--- Available records ---

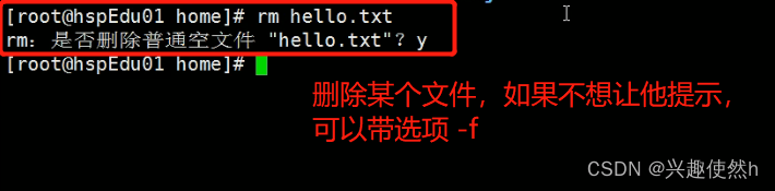 如果需要删除非空目录, 需要使用 rm -rf 要删除的目录(使用该命令一定要谨慎,慎重考虑后在删除)
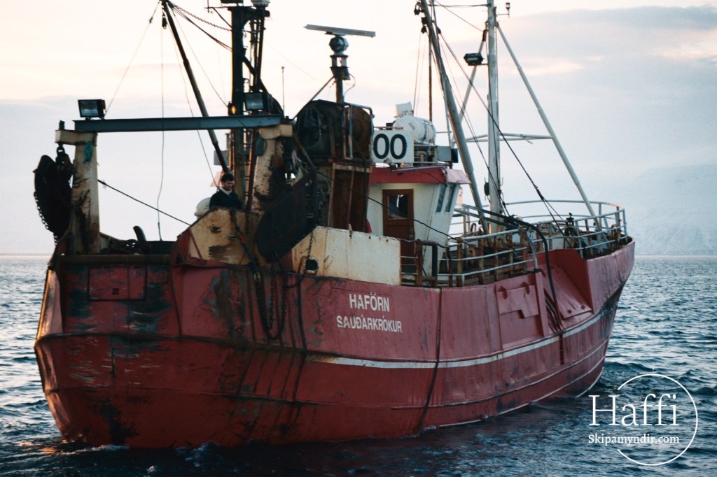Hér lætur Haförn SK 17 úr höfn á Húsavík um ári eftir að hafa legið af sér norðanbrælu.
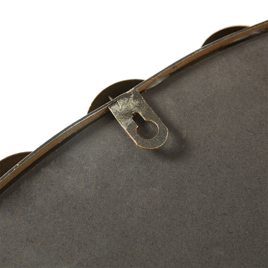 Add a touch of modern glamour to your home with this stunning gold beaded round wall mirror. Designed with a sculptural iron frame featuring a series of textured metallic beads, this mirror brings both dimension and sophistication to any room. The antique gold finish adds warmth and elegance, making it the perfect statement piece for entryways, dining areas, or living spaces. Its generous 36-inch diameter offers both decorative appeal and everyday function, reflecting light beautifully to open up your space.
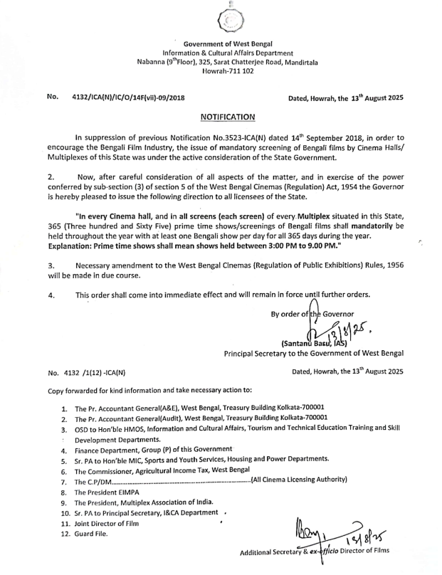 அம்மாநில அரசு வெளியிட்டுள்ள உத்தரவில், ‘பிரைம் டைமில் ஒவ்வொரு திரையரங்கிலும் பெங்காலி மொழிப் படங்கள் மட்டுமே திரையிடப்பட வேண்டும்’ என்று குறிப்பிடப்பட்டிருக்கிறது.
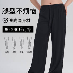 直筒裤 宽松阔腿裤 女2026新款 薄款 胖mm200斤加大冰丝夏季 黑色大码

---

▶ What is required
Please transcribe every entry exactly as written, leaving the pictures out.

▶ Solved exercise
 如果需要删除非空目录, 需要使用 rm -rf 要删除的目录(使用该命令一定要谨慎,慎重考虑后在删除)
Hér lætur Haförn SK 17 úr höfn á Húsavík um ári eftir að hafa legið af sér norðanbrælu.
 Add a touch of modern glamour to your home with this stunning gold beaded round wall mirror. Designed with a sculptural iron frame featuring a series of textured metallic beads, this mirror brings both dimension and sophistication to any room. The antique gold finish adds warmth and elegance, making it the perfect statement piece for entryways, dining areas, or living spaces. Its generous 36-inch diameter offers both decorative appeal and everyday function, reflecting light beautifully to open up your space.
 அம்மாநில அரசு வெளியிட்டுள்ள உத்தரவில், ‘பிரைம் டைமில் ஒவ்வொரு திரையரங்கிலும் பெங்காலி மொழிப் படங்கள் மட்டுமே திரையிடப்பட வேண்டும்’ என்று குறிப்பிடப்பட்டிருக்கிறது.
 直筒裤 宽松阔腿裤 女2026新款 薄款 胖mm200斤加大冰丝夏季 黑色大码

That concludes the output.